Returns for Panamax ships rose for an eighth session, rounding out the biggest weekly gain in six, amid rising demand to carry coal and grain cargoes.
Daily average earnings for the largest ships to navigate the Panama Canal gained 1.3 percent to $9,557, figures from the Baltic Exchange in London showed today. The 7.5 percent weekly increase was the largest since the week of March 8, according to data compiled by Bloomberg.
Charters of Panamaxes to load South American grains lifted rates, according to London-based shipbroker Galbraith’s Ltd. Exports of farm products from the continent’s east coast will boost demand for the ships and smaller Handysize vessels as the U.S. grain season ends, it said.
“We’re also seeing a large volume of Supramax and Handysize coal fixtures from Indonesia to India ahead of the monsoon season,” Dominic Meredith Hardy, an analyst at Galbraith’s, said by e-mail. “East coast South American grain and Indonesian coal are what’s providing the support.”

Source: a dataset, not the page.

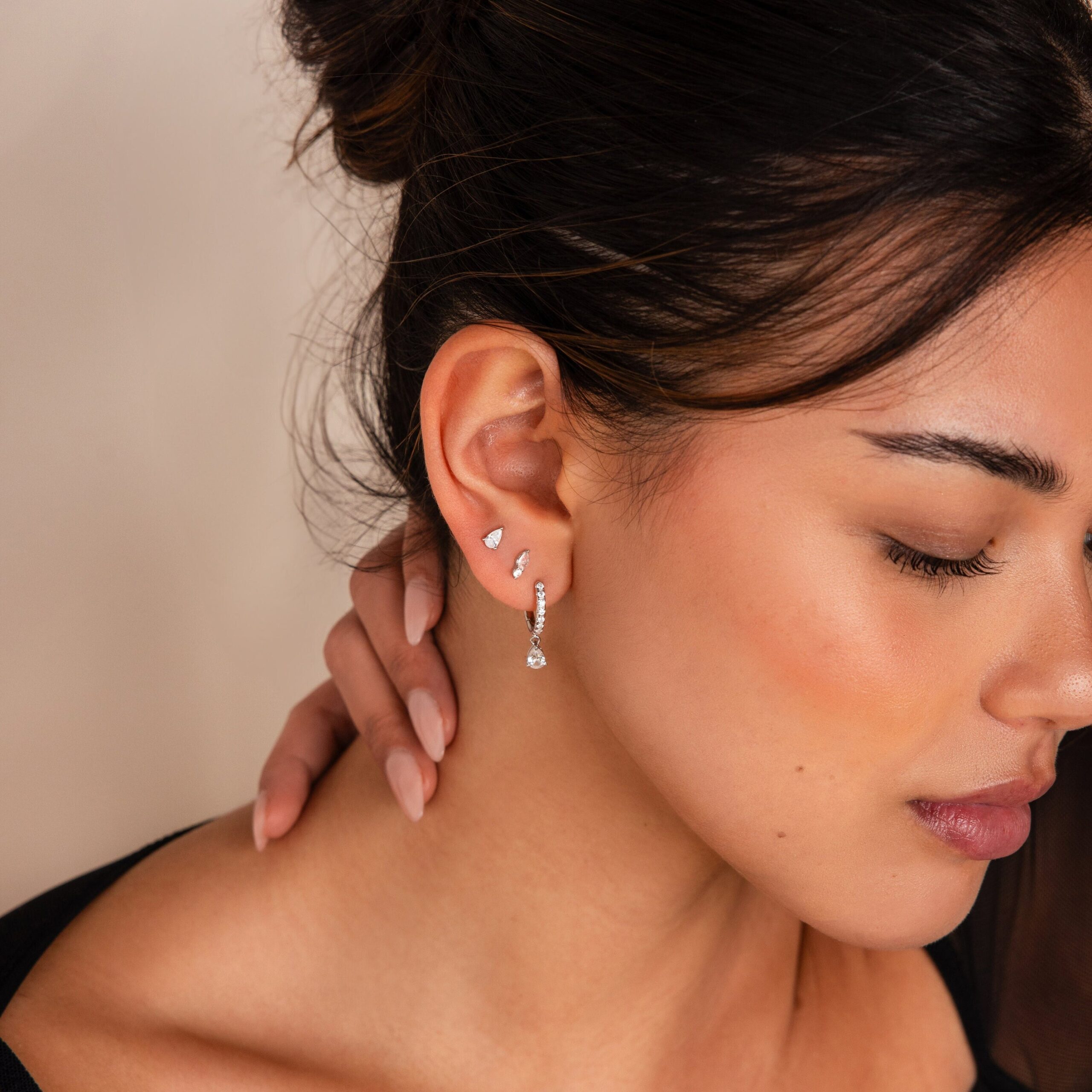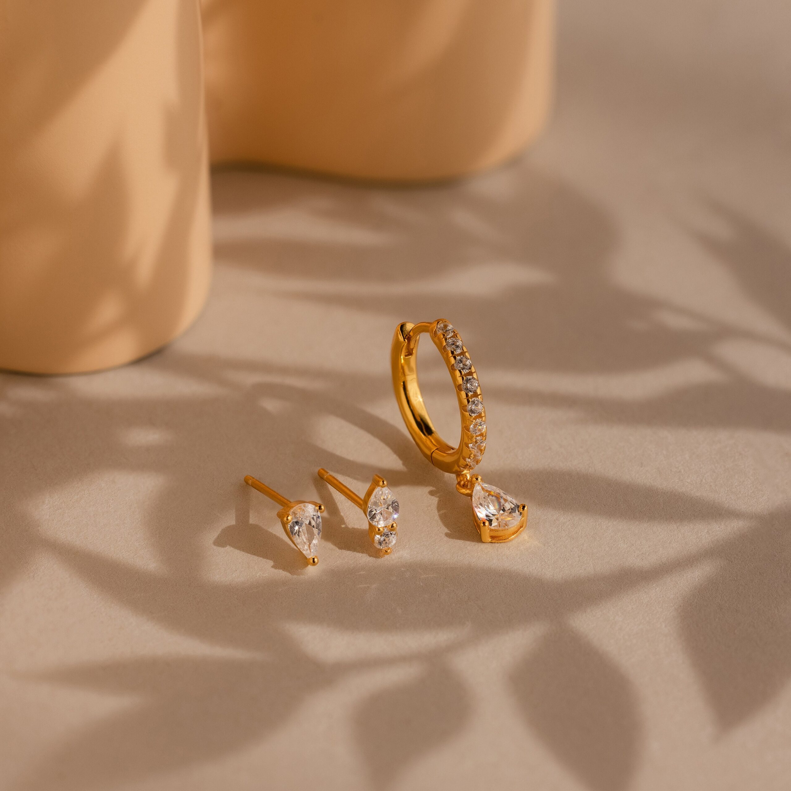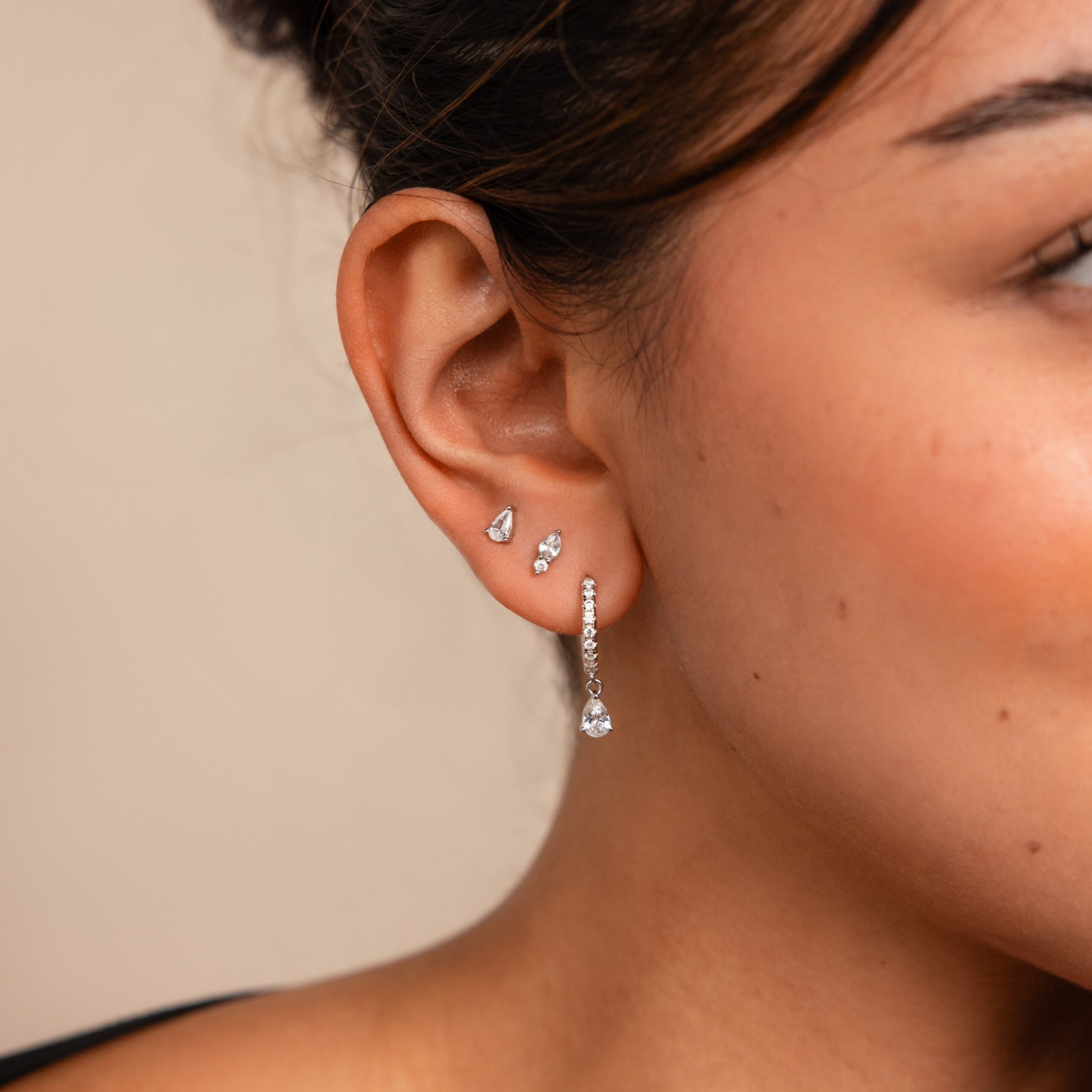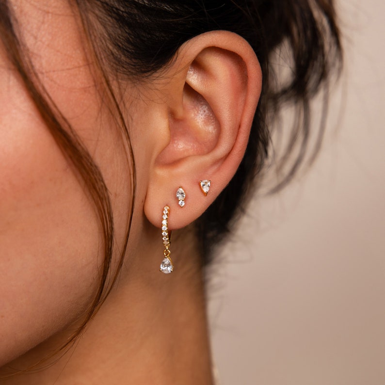 Introducing our new Teardrop Diamond Earring Set: a mesmerizing trio featuring two different Teardrop Stud Earrings and a Pave Hoop Earring adorned with a delicate dangling Teardrop Charm, exuding grace and elegance in every detail. Great for weddings or as a thoughtful present, these stunning earrings effortlessly embody timeless beauty and refined glamour, making every moment unforgettable when worn ♡

Panamaxes are the second-biggest vessels tracked by the Baltic Dry Index, a broader gauge of costs to transport raw materials by sea, which rose for a seventh session in eight to 888, according to the exchange. Daily average earnings for Capesize ships, the biggest commodity carriers, slipped 1.3 percent to $4,329.
Supramaxes, about 25 percent smaller than Panamaxes, advanced 0.5 percent to $9,432 a day, exchange data showed. Handysize vessels, the smallest in the index, added 0.2 percent to $7,999.